You even see the popular destinations the people from the urban areas retire to.

dmurray · on Nov 3, 2020

But the county-level results aren't what's important in the election. For showing results, it makes sense to show all of Texas in red as soon as it's confirmed to have gone 50.1% to Trump, or whatever.

This map is useful in visualizing demographics and expected voter distribution. It's more valuable for showing election predictions than newsworthy results.

munificent · on Nov 4, 2020

> it makes sense to show all of Texas in red as soon as it's confirmed to have gone 50.1% to Trump, or whatever.

That only makes sense if a state's area is the same as the number of electors it has, which isn't the case.

If you want to show an electoral college map, you'd show each state in red or blue, with lightness based on the number of electors the state provides.

But, obviously, the intent of a county-level map is not to show electors, it's to show something about the demographic makeup of voter preferences.

cs702 · on Nov 4, 2020

> But, obviously, the intent of a county-level map is not to show electors, it's to show something about the demographic makeup of voter preferences.

Exactly: The map is meant to show "where the votes came from" without distorting any shapes.

mygo · on Nov 3, 2020

thank you =)

nathancahill · on Nov 3, 2020

Thanks for using gray rather than purple.

cryptofistMonk · on Nov 3, 2020

I wonder how much difference it would make if vote "density" was used to determine the saturation, rather than total number of votes.

By my thinking, a geographically large county with 500,000 votes appears much more significant than a smaller county with the same number of votes in this map, and adjusting for density could potentially correct that?

vilhelm_s · on Nov 3, 2020

I was thinking the same thing. According to Wikipedia, the county areas vary by three orders of magnitude, from San Bernardino County, California (51,947 km^2) to Kalawao County, Hawaii (31 km^2), so it seems it can be very misleading.

For example, North Carolina and California have similiar population densities (80 people/km^2 versus 95 people/km^2), but on the "muddy" map North Carolina looks almost unpopulated while California is very emphasised---I guess this is because North Carolina is divided into smaller counties.

I guess in the case of San Bernardino it's a giant grey rectangle, so that particular one doesn't shift the red-blue impression very much, but still... :)

mygo · on Nov 3, 2020

something like votes per square mile may address this. Looks like there are some follow-up maps to be made =)

jrussino · on Nov 4, 2020

I agree - this was my one minor nit-pick after reading the post as well.

I'd love to see muddy maps for other past presidential elections if you can get a hold of the data (and this one too, once all the votes have been counted).

Really cool work, and well-explained!

vilhelm_s · on Nov 4, 2020

I experimented a bit with the source code at https://github.com/tuttlepower/VotingMap , you can add an area correction by changing the line

    fillOpacity: (us_votes[i].total_votes / 59828),

to something like

    fillOpacity: (us_votes[i].total_votes / (59828 * 50 * (feature.properties.AREALAND / 5.195e10))),

But I think in practice, this effect is swamped by the "upper fence" effect described in the original post.
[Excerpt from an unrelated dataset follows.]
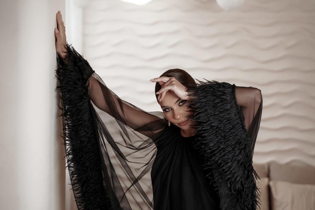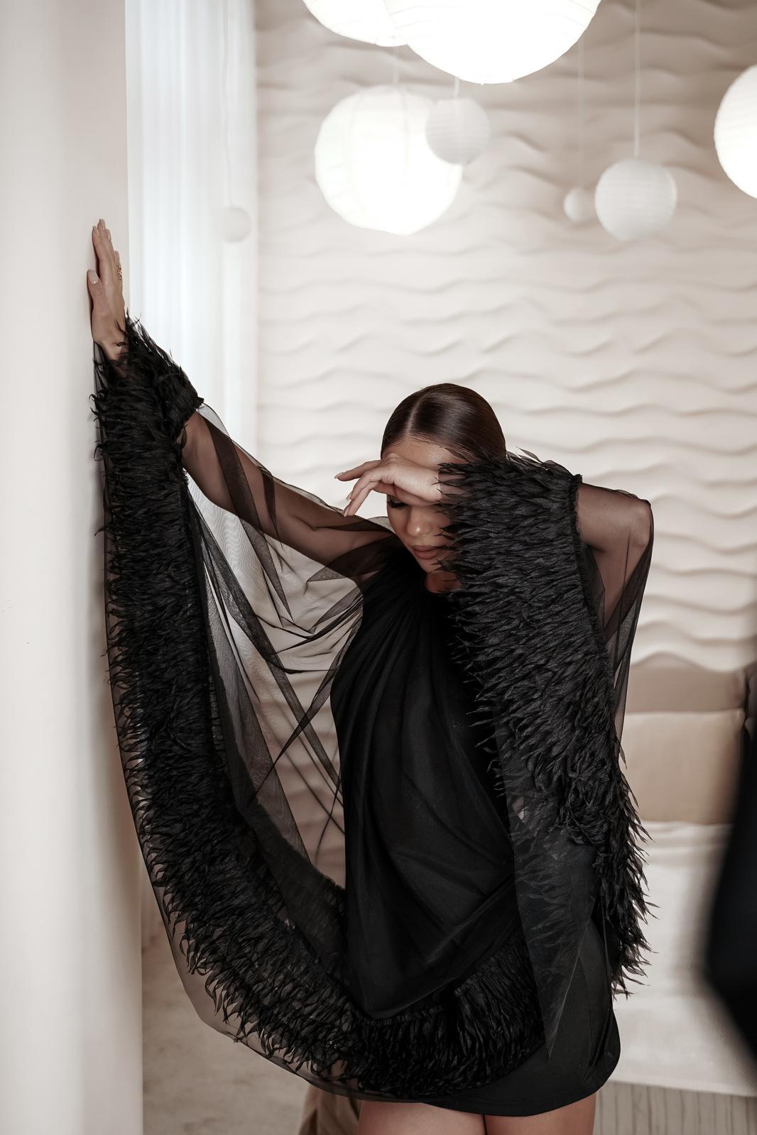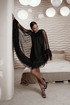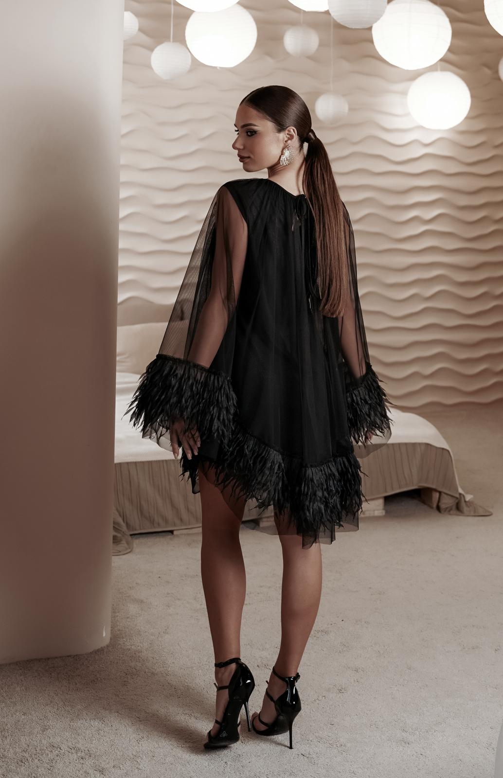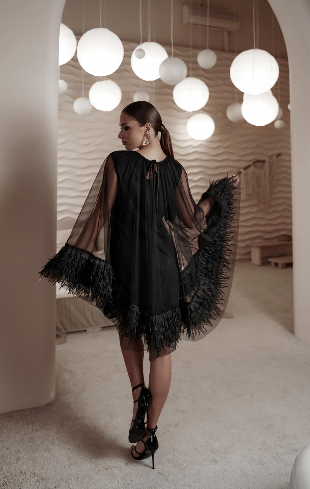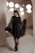 Платье, состоящее из двух слоев. Нижнее платье полуприлегающего силуэта из трикотажной ткани, имеющей легкий блеск. Верхний слой - пончо из сетки, низ украшен полоской из фактурной отделочной ткани. Горловина округлой формы со сборкой, по спинке застежка на навесную петлю и пуговицу.

In other words, the scale is very far from linear anyway, by changing the magic number 59828 above you can make it look dramatically different. I should really calculate what the (Q3 + 1.5 * IQR) value is, but above I just put in a "* 50" to make the overall impression of the map similar.

The resulting image: https://imgur.com/3K8Wwan

mygo · on Nov 4, 2020

yep the upper fence for the vertical scale is derived from the vote totals statistics. If the set of vote totals is now in votes per square mile, then there would likely be a different upper fence. Might be worth the number crunching to figure out what that number is.
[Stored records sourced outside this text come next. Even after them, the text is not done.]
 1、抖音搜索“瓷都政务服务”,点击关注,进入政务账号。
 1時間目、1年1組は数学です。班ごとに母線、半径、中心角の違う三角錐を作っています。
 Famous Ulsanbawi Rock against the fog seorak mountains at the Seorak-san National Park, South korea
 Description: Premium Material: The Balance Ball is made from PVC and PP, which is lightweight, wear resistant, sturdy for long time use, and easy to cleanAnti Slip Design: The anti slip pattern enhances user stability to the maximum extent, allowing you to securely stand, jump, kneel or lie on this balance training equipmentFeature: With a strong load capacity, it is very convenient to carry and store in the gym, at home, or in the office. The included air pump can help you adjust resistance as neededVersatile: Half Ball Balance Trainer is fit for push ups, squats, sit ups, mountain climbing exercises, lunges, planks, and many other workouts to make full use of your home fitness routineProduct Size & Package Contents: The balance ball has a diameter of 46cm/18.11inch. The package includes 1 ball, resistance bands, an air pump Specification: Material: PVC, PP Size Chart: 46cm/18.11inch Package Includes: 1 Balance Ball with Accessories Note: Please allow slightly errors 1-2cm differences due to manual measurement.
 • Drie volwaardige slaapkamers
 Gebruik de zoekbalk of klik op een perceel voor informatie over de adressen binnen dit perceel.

BTW just to double-check, I'm assuming that in this given fillOpacity formula, that a fillOpacity > 1 just resolves to 1. So like fillOpacity : min(votesPerSquareMile/upperFence, 1).

vilhelm_s · on Nov 4, 2020

Yeah, the Esri fillOpacity property just becomes an SVG property, and the SVG specification requires that it gets clamped to [0,1] before rendering.
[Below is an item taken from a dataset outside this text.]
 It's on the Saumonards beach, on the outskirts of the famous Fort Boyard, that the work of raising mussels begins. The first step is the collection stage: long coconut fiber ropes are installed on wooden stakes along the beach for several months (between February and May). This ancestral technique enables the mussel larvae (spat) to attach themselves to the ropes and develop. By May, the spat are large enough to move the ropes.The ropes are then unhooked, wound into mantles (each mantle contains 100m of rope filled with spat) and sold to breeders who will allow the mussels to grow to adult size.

In addition to computing the quartiles correctly, I also realized you should probably use (AREALAND+AREAWATER) rather than just AREALAND... in the above image the great lakes counties look suspiciously overemphasized. :)

mygo · on Nov 5, 2020

let me know how it turns out! Do you have a link to your fork?

Symbiote · on Nov 3, 2020

I've seen maps showing population rather than area in several places in recent British elections.

Here's a recent example: https://odileeds.org/projects/hexmaps/constituencies/

And here, where the first graphic is from 1895 and uses this approach: https://www.geog.ox.ac.uk/research/transformations/gis/paper... ... and Figure 31 (p28) has an American example.

mygo · on Nov 3, 2020

Yeah, I'm on the same page. An idea for a follow-up map has been to do votes per thousand. I'm curious to find out what that resulting map would look like

notacoward · on Nov 3, 2020

My thoughts exactly. Giving the same color to the same population over different areas seems like a mistake, or at least a missed opportunity to provide more useful information.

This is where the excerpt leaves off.